Now for each policy, consider all the records, and take out the last updated one (eff_date) from each month.
So I need the last updated record for each month for each policy. How would I write a query for this?
I'm not 100 percent on Teradata syntax, but I believe you're after this:
SELECT policy_no,eff_date
FROM (SELECT policy_no,eff_date, ROW_NUMBER() OVER (PARTITION BY policy no, EXTRACT(YEAR FROM eff_date),EXTRACT(MONTH FROM eff_date) ORDER BY eff_date DESC) as RowRank
FROM a) as sub
WHERE RowRank = 1
I'm assuming when you say by month you also want to differentiate by year, but if not, just remove the EXTRACT(YEAR FROM eff_date) from the PARTITION BY section.
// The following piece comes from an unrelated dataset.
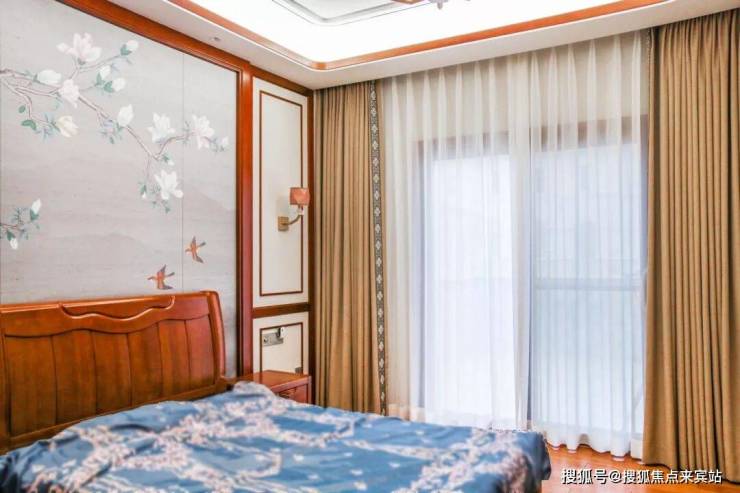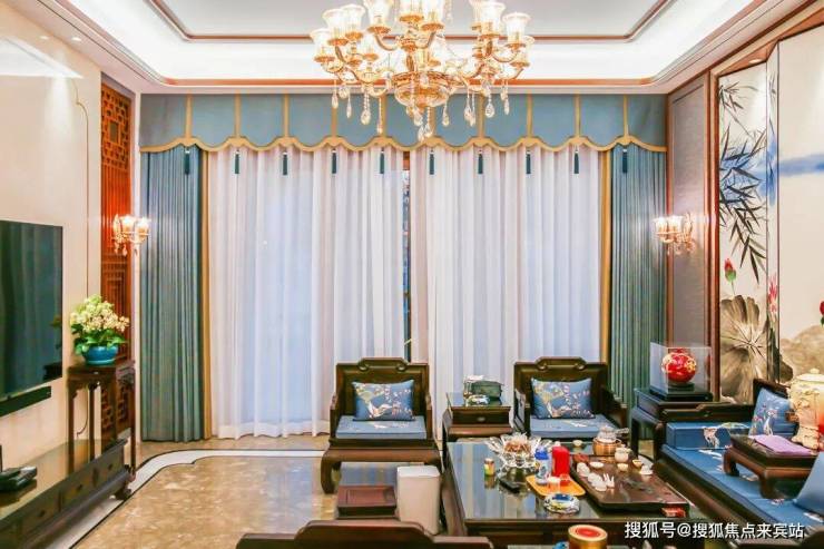 湖蓝色窗帘烘托出休闲厅深邃的大气之感,体现自由的生活理念。米黄色的背景墙采用双宫丝的材质,自然的纹理展现了中式典雅的韵味。放眼望去,休闲厅虽没有名贵之物,却给人古典尊贵之感。

Edit: Update for Teradata syntax.
SELECT * from a
qualify ROW_NUMBER() OVER (PARTITION BY policy no, EXTRACT(YEAR FROM eff_date),
EXTRACT(MONTH FROM eff_date) ORDER BY eff_date DESC) = 1
The main difficulty, is that the group by needs to be made both the conbination of policy_no, but also the month (extracted from the date). For example:
In Mysql
SELECT policy_no,
month(eff_date),
year(eff_date),
max(eff_date)
FROM myTable
GROUP BY policy_no,
month(eff_date),
year(eff_date);
Update
I saw derived tables are allowed in teradata. Using a join to a derived table, here is how to access the full rows:
select * from a,
(SELECT policy_no,
month(eff_date),
year(eff_date),
max(eff_date) as MaxMonthDate
FROM a
GROUP BY policy_no,
month(eff_date),
year(eff_date)
) as b
where a.policy_no = b.policy_no and
a.eff_date = b.MaxMonthDate;
http://www.sqlfiddle.com/#!2/1f728/5
Update (Using Extract)
select * from a,
(SELECT a2.policy_no,
EXTRACT(MONTH FROM a2.eff_date),
EXTRACT(YEAR FROM a2.eff_date),
max(a2.eff_date) as MaxMonthDate
FROM a as a2
GROUP BY a2.policy_no,
EXTRACT(MONTH FROM a2.eff_date),
EXTRACT(YEAR FROM a2.eff_date)
) as b
where a.policy_no = b.policy_no and
a.eff_date = b.MaxMonthDate;
I'm going to suggest looking into Windows Aggregate functions and the QUALIFY statement. I believe the following SQL will work.
SELECT Policy_No
, EXTRACT(MONTH FROM Eff_Date) AS Eff_Month_
, Eff_Date
FROM TableA
QUALIFY ROW_NUMBER() OVER (PARTITION BY Policy_No, EXTRACT(MONTH FROM Eff_Date)
ORDER BY Eff_Date DESC) = 1;